> [Records to process]
━━━━━━━━

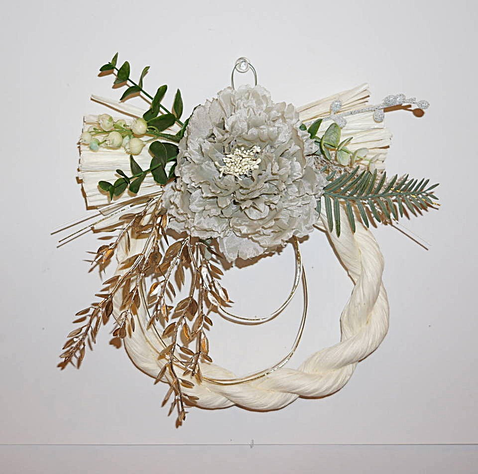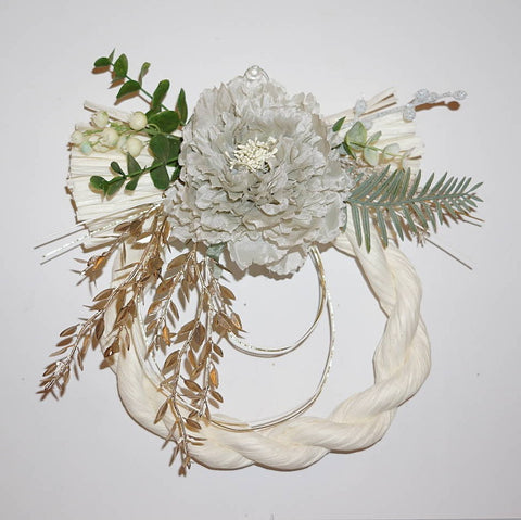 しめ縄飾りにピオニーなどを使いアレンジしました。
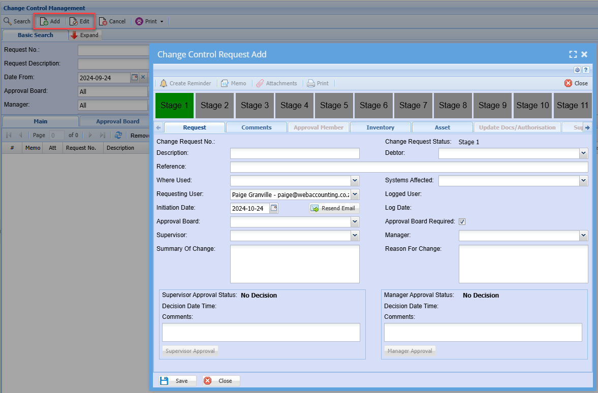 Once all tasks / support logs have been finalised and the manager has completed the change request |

━━━━━━━━

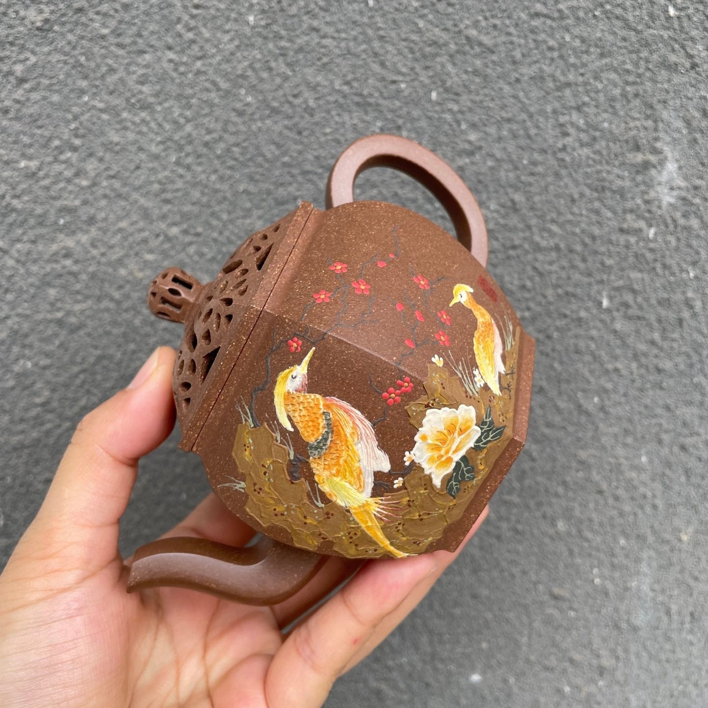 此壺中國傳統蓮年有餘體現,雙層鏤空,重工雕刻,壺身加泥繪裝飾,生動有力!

━━━━━━━━

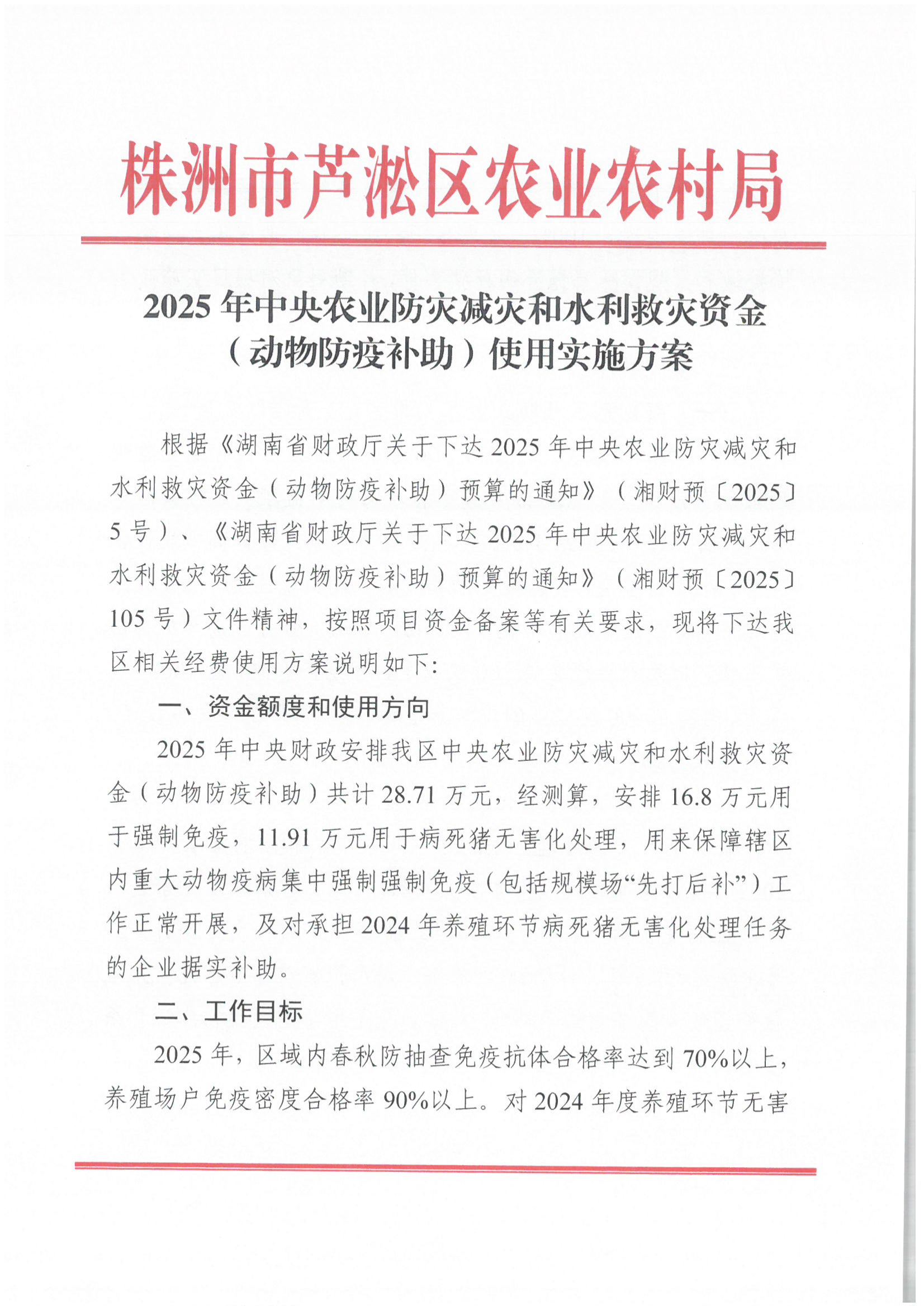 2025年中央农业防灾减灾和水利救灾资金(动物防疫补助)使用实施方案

━━━━━━━━

> [Task] Return exactly the lines that appear in the data above between the line containing "しめ縄飾りにピオニーなどを使いアレンジしました。" and the line containing "Once all tasks", both of which are included, and leave the pictures out.

> [Answer]
 しめ縄飾りにピオニーなどを使いアレンジしました。
 Once all tasks / support logs have been finalised and the manager has completed the change request |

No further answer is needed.